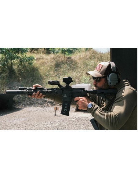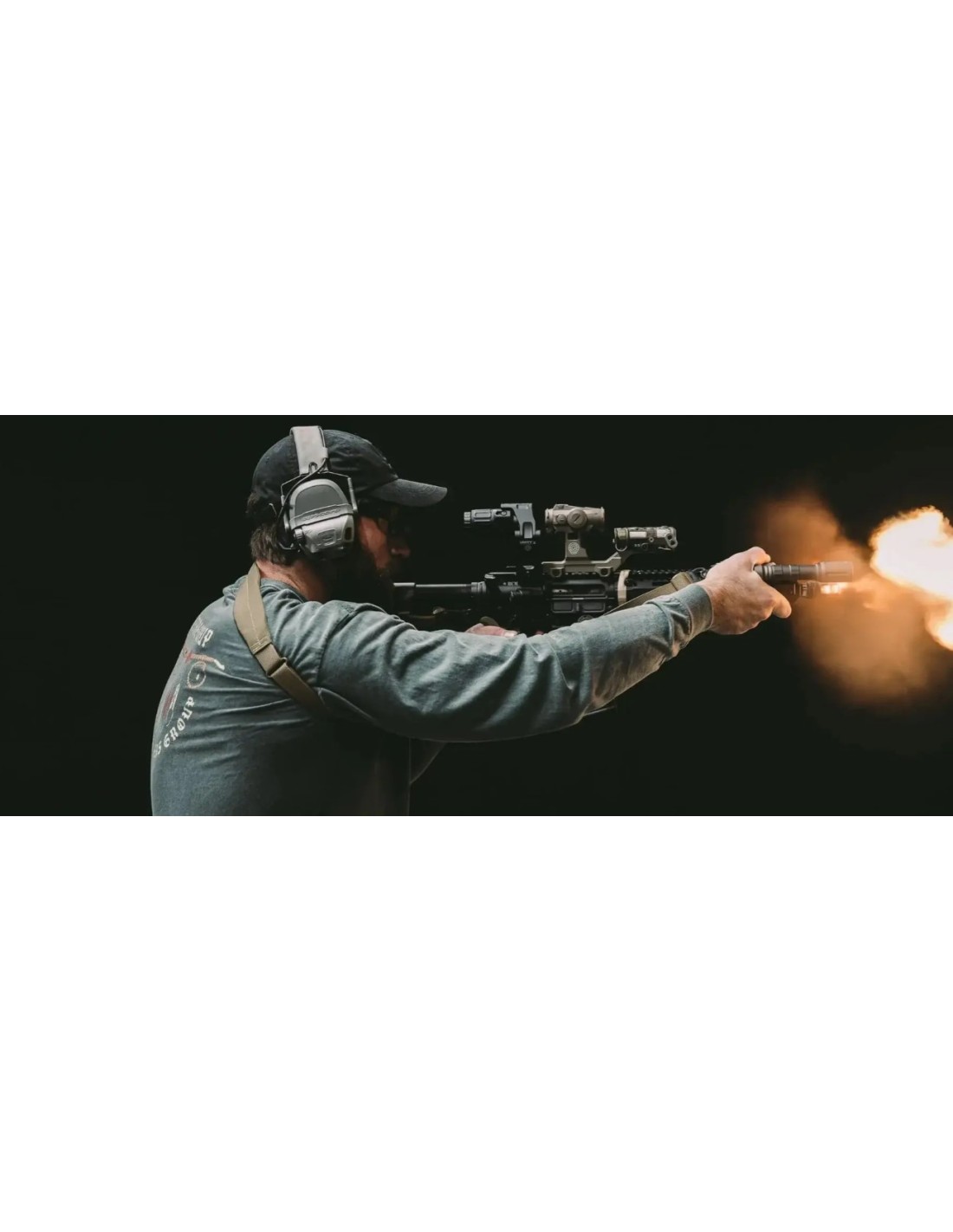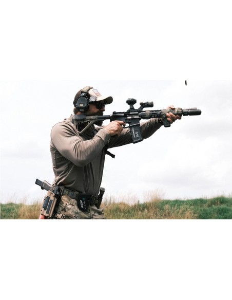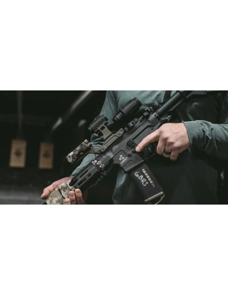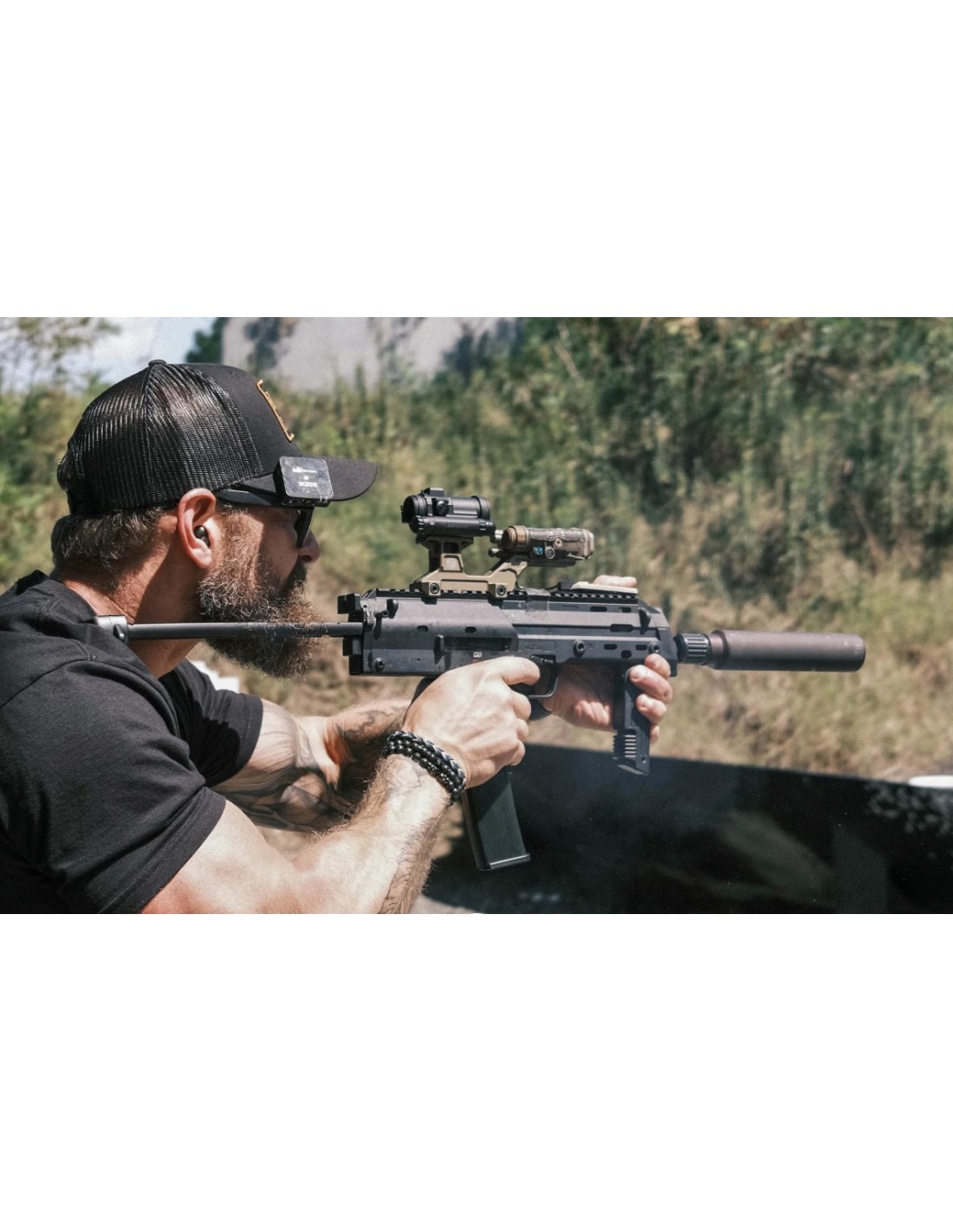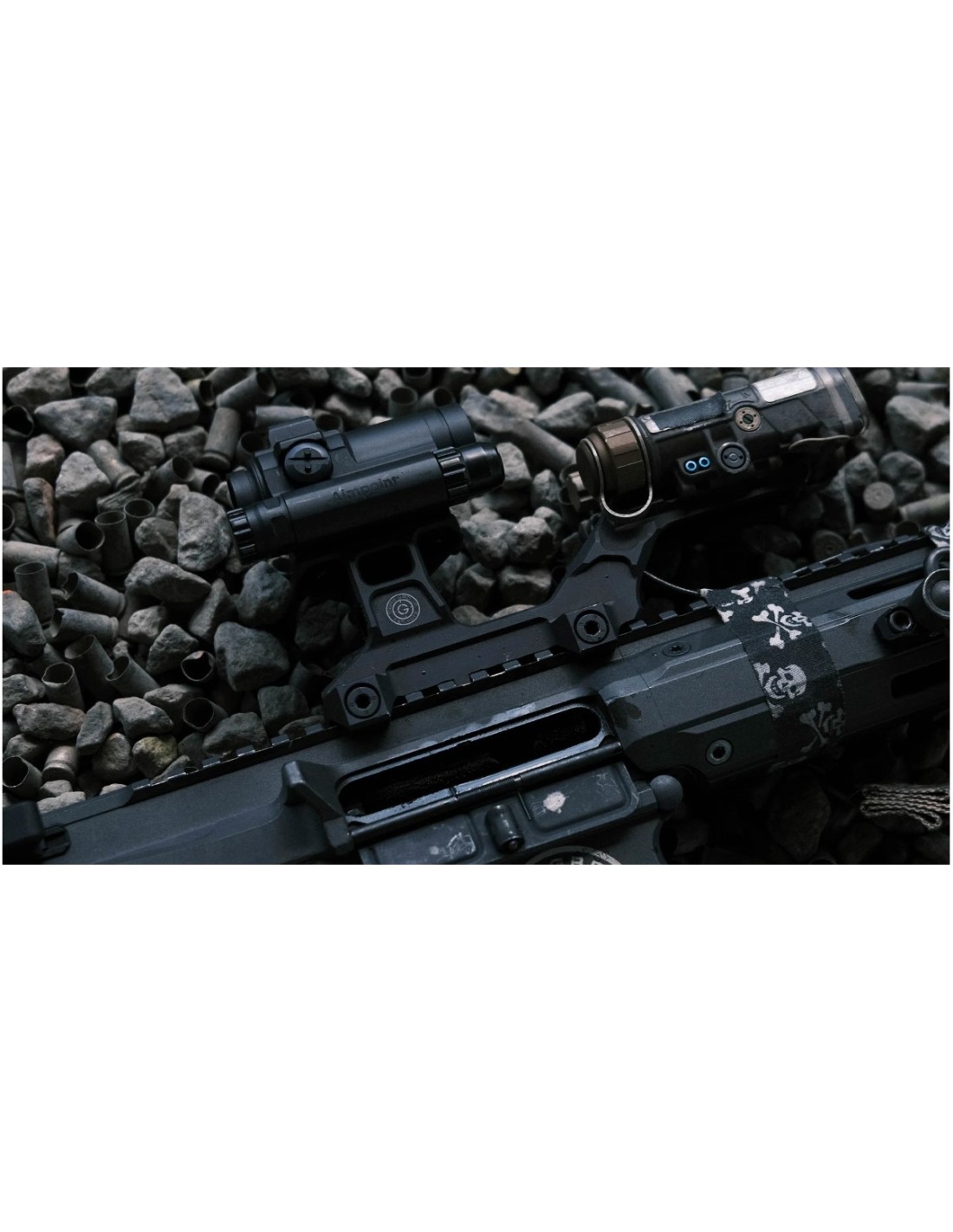 Il n'est plus nécessaire de compromettre votre prise en main à cause de l'équipement ou de déplacer vos mains à cause de l'espace limité sur le rail. Nous y parvenons en élevant les accessoires tels que la lumière ou le laser hors du rail Picatinny et plus près de l'optique point rouge. Cela permet d'éviter l'obscurcissement et de placer le poids au centre de la plateforme, au-dessus du magasin.
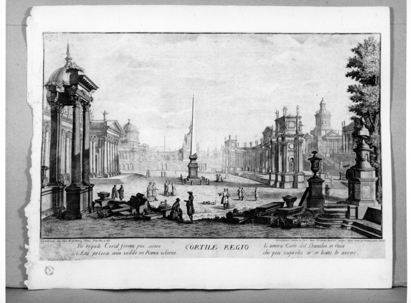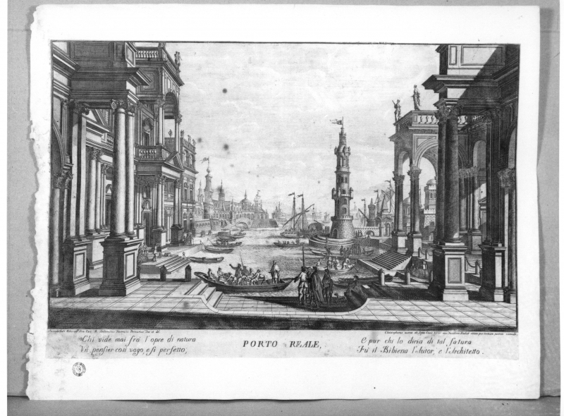 5 stampe incise all’acquaforte e bulino da C. Dall’Acqua da disegni di G. Galli detto il Bibien con vedute scenografiche; le stampe (425x640) sono tagliate entro i margini ed incollate interamente sulla pagina, raffigurano :
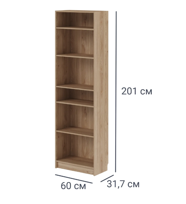 точные размеры стеллажа: 60x201x31.7 см. В комплекте:
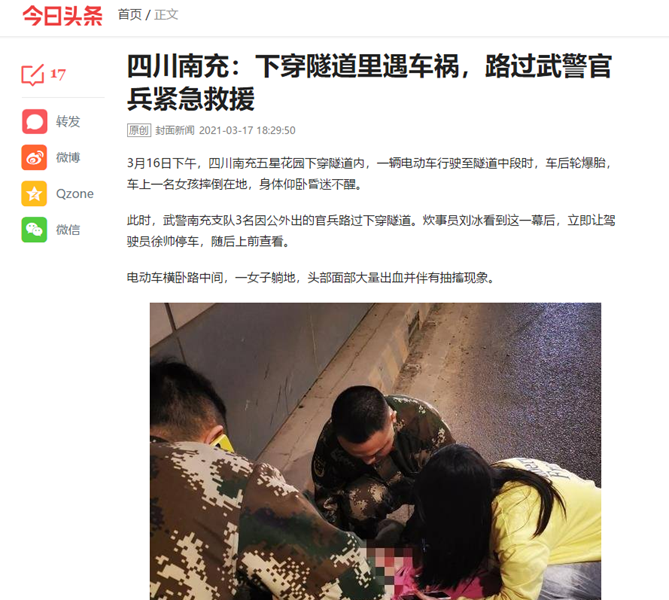 据四川报业集团《封面新闻》报道,3月16日下午,南充广播电视大学2019秋季法学班的刘冰(武警南充支队战士)和战友因公外出,路过四川南充五星花园下穿隧道时,看到一名女孩因电瓶车爆胎摔倒在地,身体仰卧、昏迷不醒,看到这一幕后,刘冰立即让驾驶员徐帅靠边停车,开启车辆双闪,在事故前方设立三角警示架,拨打急救电话后迅速展开对女孩的抢救。时间就是生命,在刘冰等人的有效帮助下,女孩避免了二次伤害,成功等到救援。
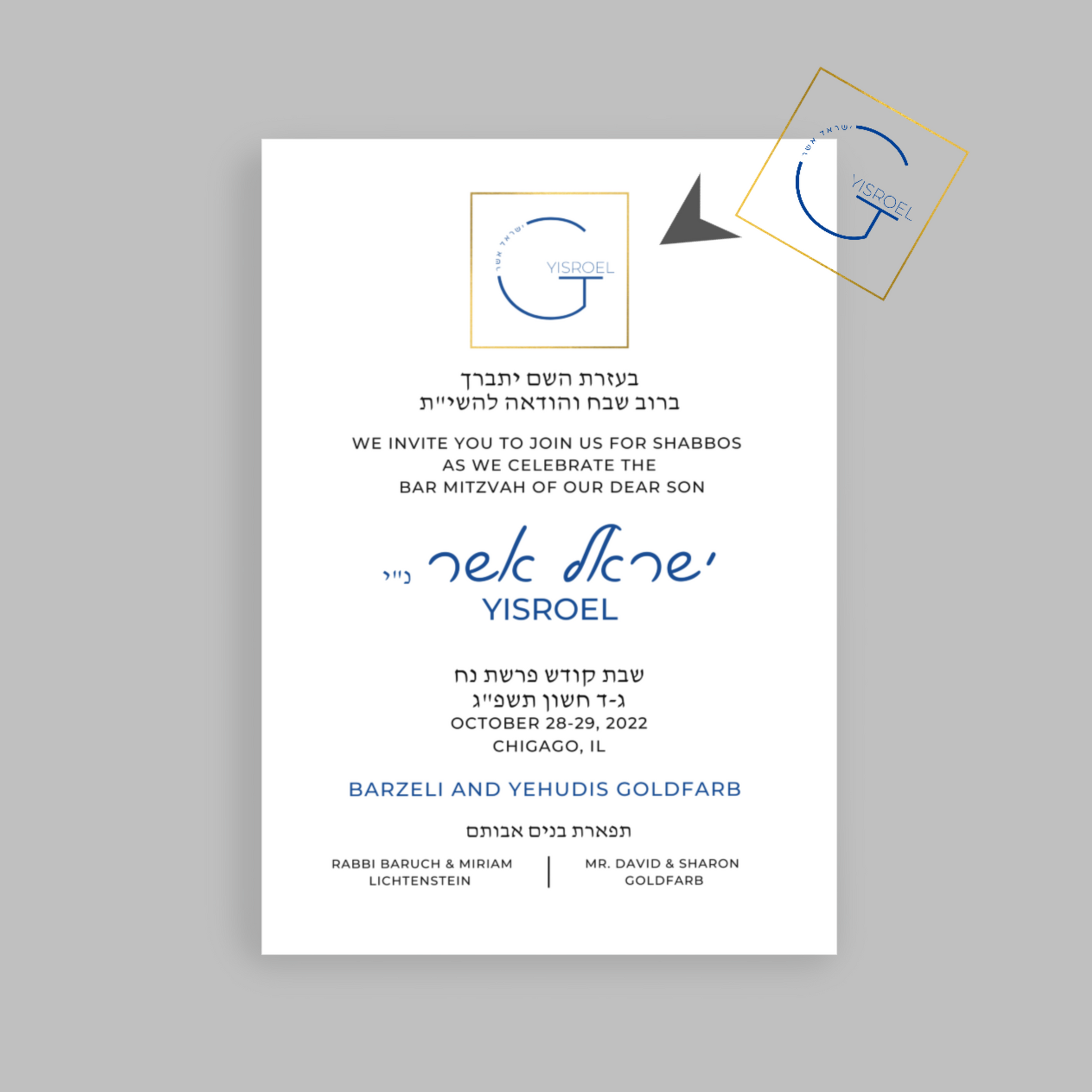 Celebrate this milestone in style with a coordinated design set that includes both a personalized Bar/Bat Mitzvah monogram and a matching Hebrew/English invitation. Your monogram will be created just for you, reflecting your event’s theme, colors, and personality, while your invitation design will elegantly present all the details in a professional, print-ready format.
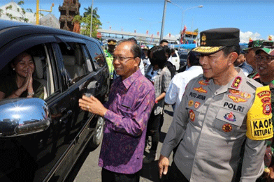 FAKTA – Kepala Kepolisian Daerah Bali Irjen Pol Putu Jayan Danu Putra dan Gubernur Bali I Wayan Koster melaksanakan pengecekan arus mudik di Pelabuhan Gilimanuk, Jembrana, Rabu (19/4/2023).
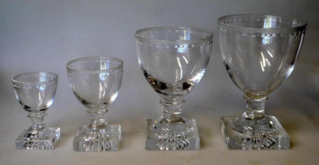 Glas service, Gorm den Gamle, 20. årh. Med firkantet fod og glat kumme med kantslibninger. Bund med runde kronblade. Kæmpe samling.
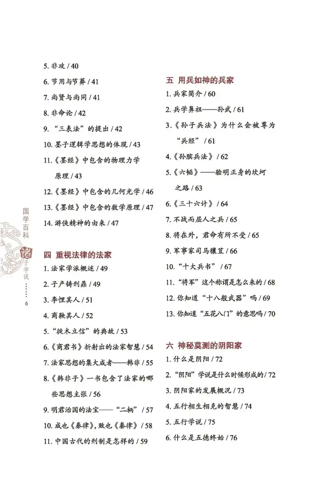 《国学百科》丛书共9册,包括《儒家先哲》《诸子学说》《文学殿堂》《艺术之林》《科技制作》《史地撷英》《岁时节令》《人生仪礼》《衣食文化》。它深入浅出,以图辅文,可读性很强;它内容充实,篇幅精短,重点突出。它既可以作为国学的普及读物,也可以作为查阅相关资料的工具书,使读者在较短的时间内获取有益的知识。
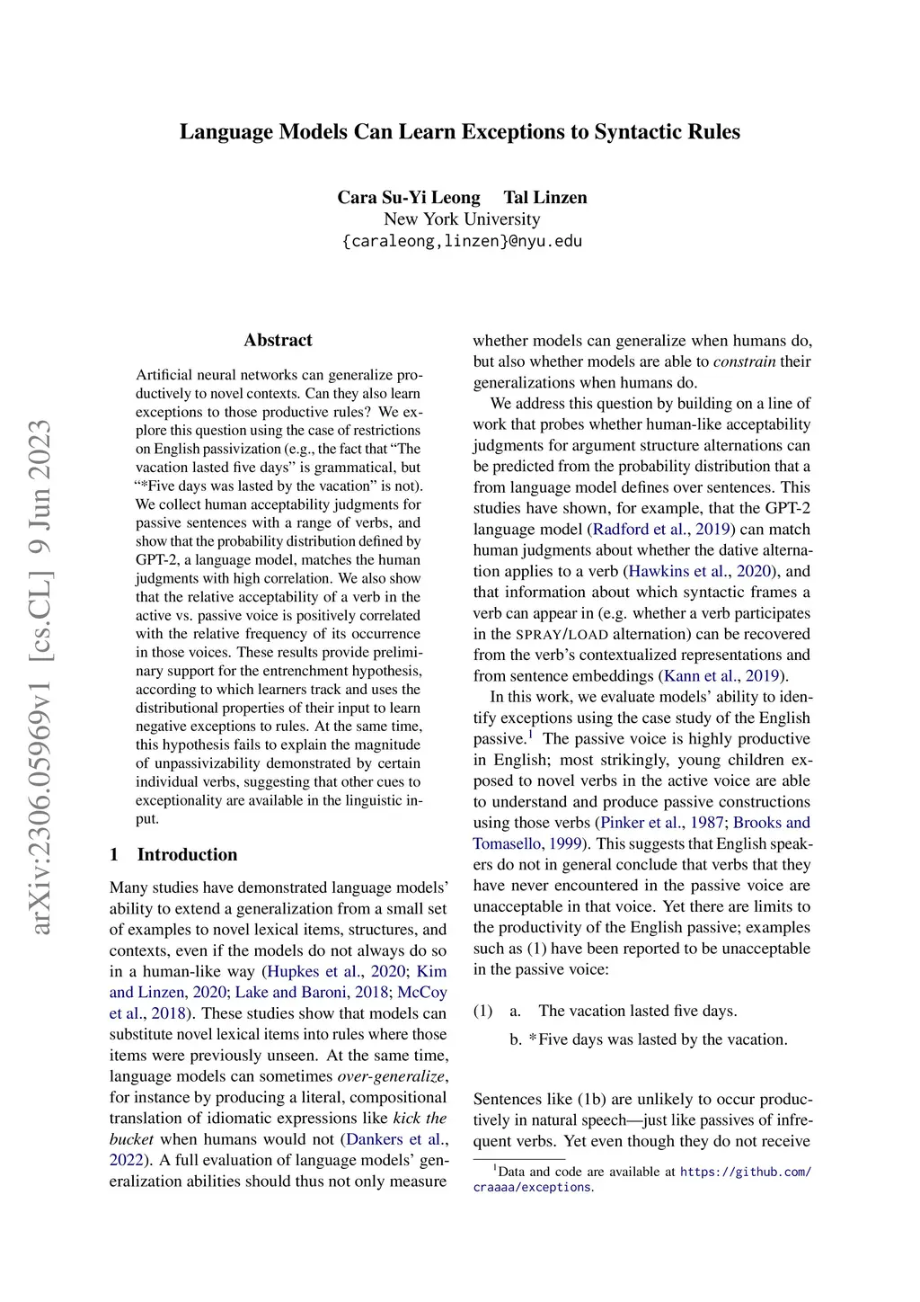 Language Models Can Learn Exceptions to Syntactic Rules
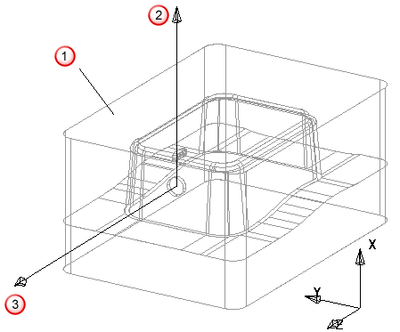 - 将 X 轴指向绘制方向调整工作平面方向,使 X 轴指向型腔、远离型芯,使 Z 轴指向侧提取方向。
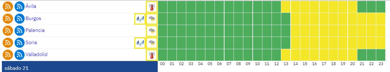 A su vez, también habrá avisos por calor en Sierra de Madrid, Metropolitana y Henares y Sur, Vegas y Oeste (Comunidad de Madrid); Vega del Segura (Región de Murcia); Centro de Navarra, Pirineo navarro y Ribera del Ebro de Navarra (Comunidad Foral de Navarra); Ribera del Ebro de La Rioja (La Rioja); Alicante y Valencia (Comunidad Valenciana).
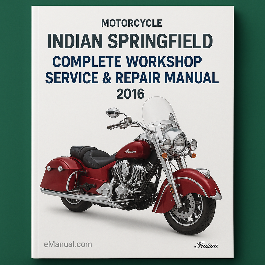 Indian Springfield Motorcycle Complete Workshop Service Repair Manual 2016🏷️ Basic Information Identification Make: Indian Motorcycle Model: Springfield Year: 2016 Codes Vehicle Platform Code: N/A (proprietary platform) 👋 Introduction Market Position Motorcycle Segment: Full-size touring cruiser with classic styling and modern amenities. Competitive Analysis Primary Competitors: Harley-Davidson Heritage Softail,...
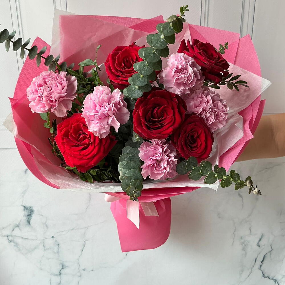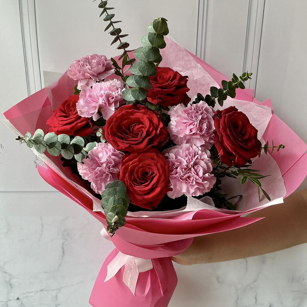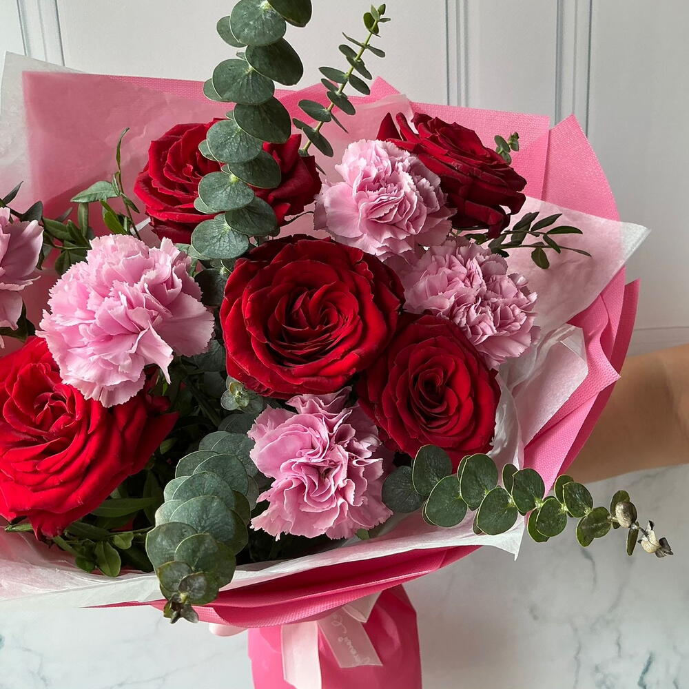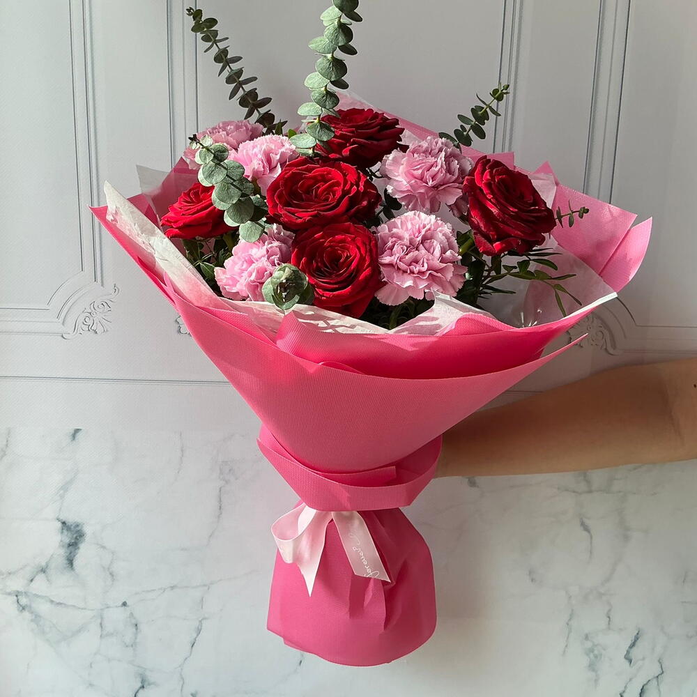 Pistachio - 1 pcs pink carnations - 5 pcs eucalyptus cineria - 1 pcs red premium kenyan roses - 5 pcs
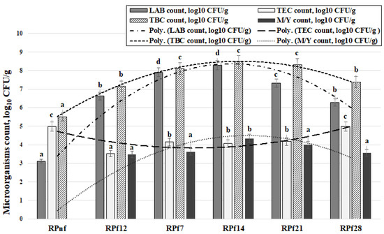 As can be seen from Figure 7, the number of lactobacilli in fermented RP samples had a tendency to increase from 12 h of fermentation up to 21 days and then decreased slightly but remained high enough on day 28. This means that the Lactobacillus strains used for RP fermentation are able to survive, multiply, and maintain homeostasis in fermented meal for a prolonged period.
○ ○ ○ ○ ○ ○ ○
**Activity:**
What is needed is an exact copy of the lines above, from the one holding "Language Models Can" down to the one holding "Pistachio - 1", with those two included and the pictures left out.

**Result of the task:**
 Language Models Can Learn Exceptions to Syntactic Rules
 - 将 X 轴指向绘制方向调整工作平面方向,使 X 轴指向型腔、远离型芯,使 Z 轴指向侧提取方向。
 A su vez, también habrá avisos por calor en Sierra de Madrid, Metropolitana y Henares y Sur, Vegas y Oeste (Comunidad de Madrid); Vega del Segura (Región de Murcia); Centro de Navarra, Pirineo navarro y Ribera del Ebro de Navarra (Comunidad Foral de Navarra); Ribera del Ebro de La Rioja (La Rioja); Alicante y Valencia (Comunidad Valenciana).
 Indian Springfield Motorcycle Complete Workshop Service Repair Manual 2016🏷️ Basic Information Identification Make: Indian Motorcycle Model: Springfield Year: 2016 Codes Vehicle Platform Code: N/A (proprietary platform) 👋 Introduction Market Position Motorcycle Segment: Full-size touring cruiser with classic styling and modern amenities. Competitive Analysis Primary Competitors: Harley-Davidson Heritage Softail,...
 Pistachio - 1 pcs pink carnations - 5 pcs eucalyptus cineria - 1 pcs red premium kenyan roses - 5 pcs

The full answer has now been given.